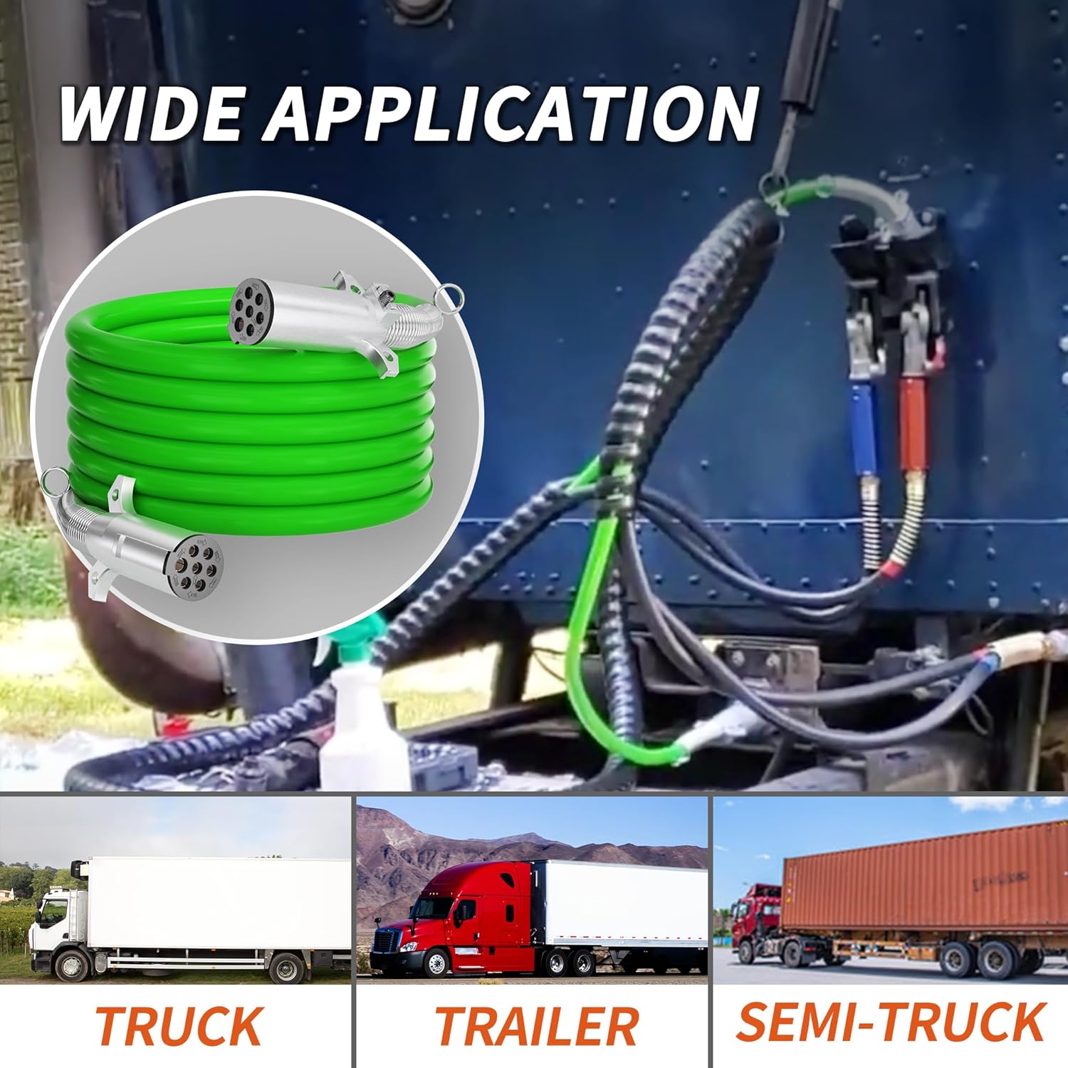 3. 7 Way Trailer Cord 12 FT ABS Heavey Duty, Flexible -85°F Cold Resistance Straight Electrical Power Cable Green for Semi Trailers Trucks Tractors, 4/12 2/10 1/8 Gauge Wire Cable
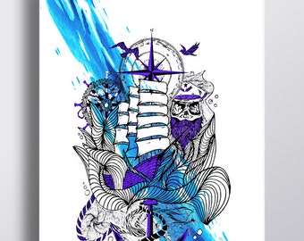 Ship in storm Print, boat decor, sailor decor, sail ship fighting to storm,Stormy Seas Original Print, Ship wall art Ship wall decor Sea art
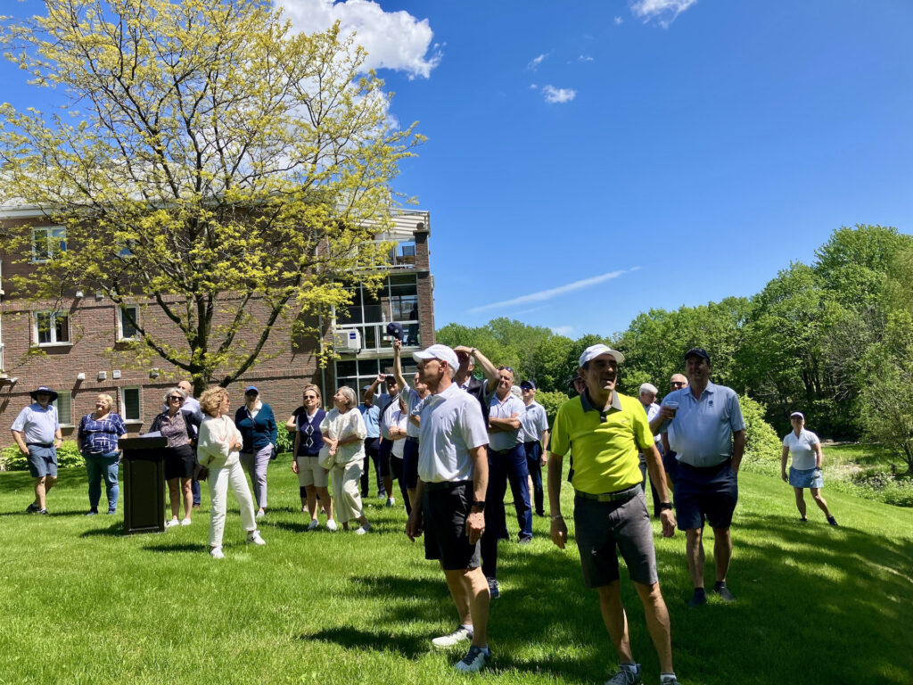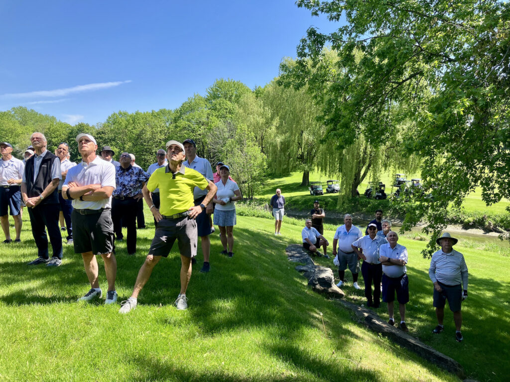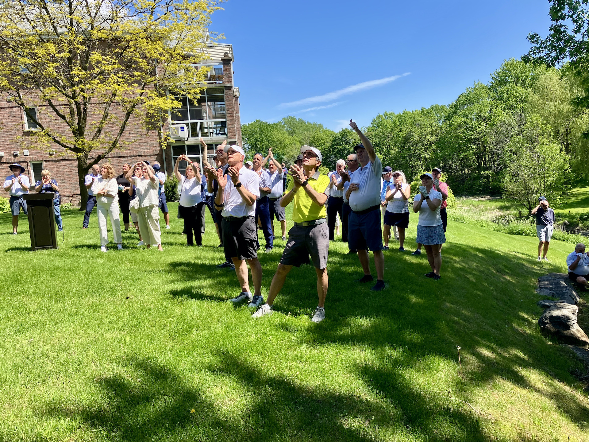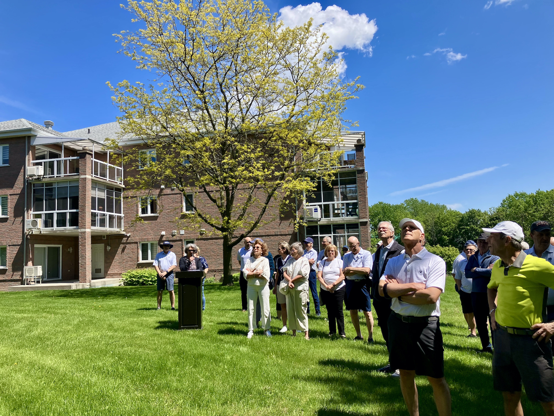 Le paternel, pour qui la saison précédente s’était terminée abruptement et ne pouvait plus espérer en entamer une nouvelle, souhaitait tellement revoir sa gang de « bons vivants » pour les remercier de leur soutien, n’a pas été en mesure de le faire. Je me suis dit, s’il ne peut pas aller au golf, nous allons faire venir le golf à lui! On a donc apporté un lutrin et micro devant le balcon de son condo, qui donnait sur le terrain, et le DG avait planifié des voiturettes pour amener les « bons vivants » afin qu’ils puissent se joindre à ses amis, voisins et employés du club pour lui livrer de vibrants témoignages. Mon papa a trouvé la force de se lever et de prononcer un discours, à son tour, qui s’est terminée sous une pluie d’applaudissements, de pouce en l’air et de : « on t’aime, on t’oubliera jamais! ».
================
_WORK TO BE COMPLETED_: Word for word, return the material, omitting the pictures.

_EXERCISE ANSWER_:
 3. 7 Way Trailer Cord 12 FT ABS Heavey Duty, Flexible -85°F Cold Resistance Straight Electrical Power Cable Green for Semi Trailers Trucks Tractors, 4/12 2/10 1/8 Gauge Wire Cable
 Ship in storm Print, boat decor, sailor decor, sail ship fighting to storm,Stormy Seas Original Print, Ship wall art Ship wall decor Sea art
 Le paternel, pour qui la saison précédente s’était terminée abruptement et ne pouvait plus espérer en entamer une nouvelle, souhaitait tellement revoir sa gang de « bons vivants » pour les remercier de leur soutien, n’a pas été en mesure de le faire. Je me suis dit, s’il ne peut pas aller au golf, nous allons faire venir le golf à lui! On a donc apporté un lutrin et micro devant le balcon de son condo, qui donnait sur le terrain, et le DG avait planifié des voiturettes pour amener les « bons vivants » afin qu’ils puissent se joindre à ses amis, voisins et employés du club pour lui livrer de vibrants témoignages. Mon papa a trouvé la force de se lever et de prononcer un discours, à son tour, qui s’est terminée sous une pluie d’applaudissements, de pouce en l’air et de : « on t’aime, on t’oubliera jamais! ».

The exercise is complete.